« Le Séminaire Palaisien » | Arnak Dalalyan and Frédéric Pascal on machine learning and statistics
The goal of this talk is to show that a single robust estimator of the mean of a multivariate Gaussian distribution can enjoy five desirable properties. First, it is computationally tractable in the sense that it can be computed in a time which is at most polynomial in dimension, sample size and the logarithm of the inverse of the contamination rate. Second, it is equivariant by scaling, translations and orthogonal transformations. Third, it has a nearly-minimax-rate-breakdown point approximately equal to 0.28. Fourth, it is minimax rate optimal when data consist of independent observations corrupted by adversarially chosen outliers. Fifth, it is asymptotically optimal when the rate of contamination tends to zero. The estimator is obtained by an iterative reweighting approach. Each sample point is assigned a weight that is iteratively updated using a convex optimization problem. We also establish a dimension-free non-asymptotic risk bound for the expected error of the proposed estimator. It is the first of this kind results in the literature and involves only the effective rank of the covariance matrix.

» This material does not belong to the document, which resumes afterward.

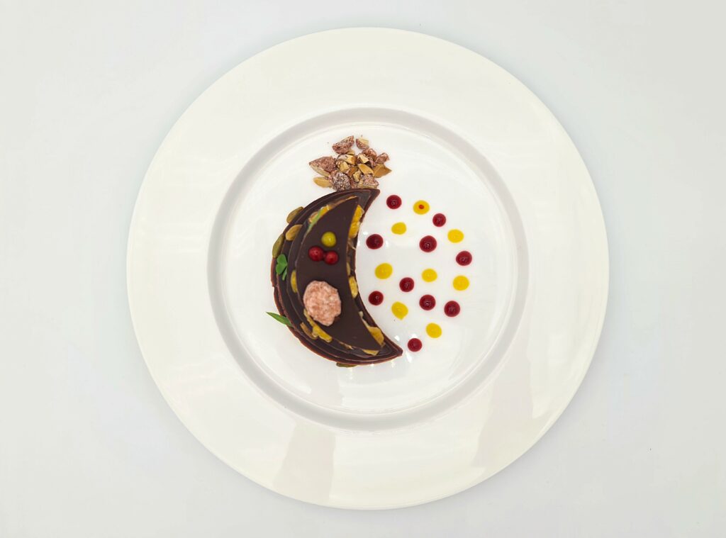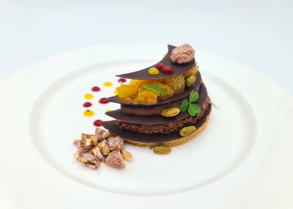 En dessert, j’ai fait un dessert à l’assiette qui n’a pas vraiment de nom, c’est une sorte de tour en chocolat, avec un chiffon cake sans produit laitier, un croustillant, une ganache chocolat noir et des clémentines fraiches.

(Joint work with Arshak Minasyan)
Though very popular, it is well known that the EM algorithm suffers from non-Gaussian distribution shapes, outliers and high-dimensionality. In this talk, we introduce a new robust clustering algorithm that can efficiently deal with noise and outliers in diverse data sets. As an EM-like algorithm, it is based on both estimations of clusters centers and covariances. In addition, using a semi-parametric paradigm, the method estimates an unknown scale parameter per datapoint. This allows the algorithm to accommodate for heavier tails distributions and outliers without significantly loosing efficiency in various classical scenarios. Then, we show that the proposed algorithm outperforms other classical unsupervised methods of the literature such as k-means, the EM algorithm and its recent modications or spectral clustering when applied to real data sets as MNIST, NORB and 20newsgroups. An application to Radar (SAR) image segmentation is proposed, highlighting the interest of the proposed approach.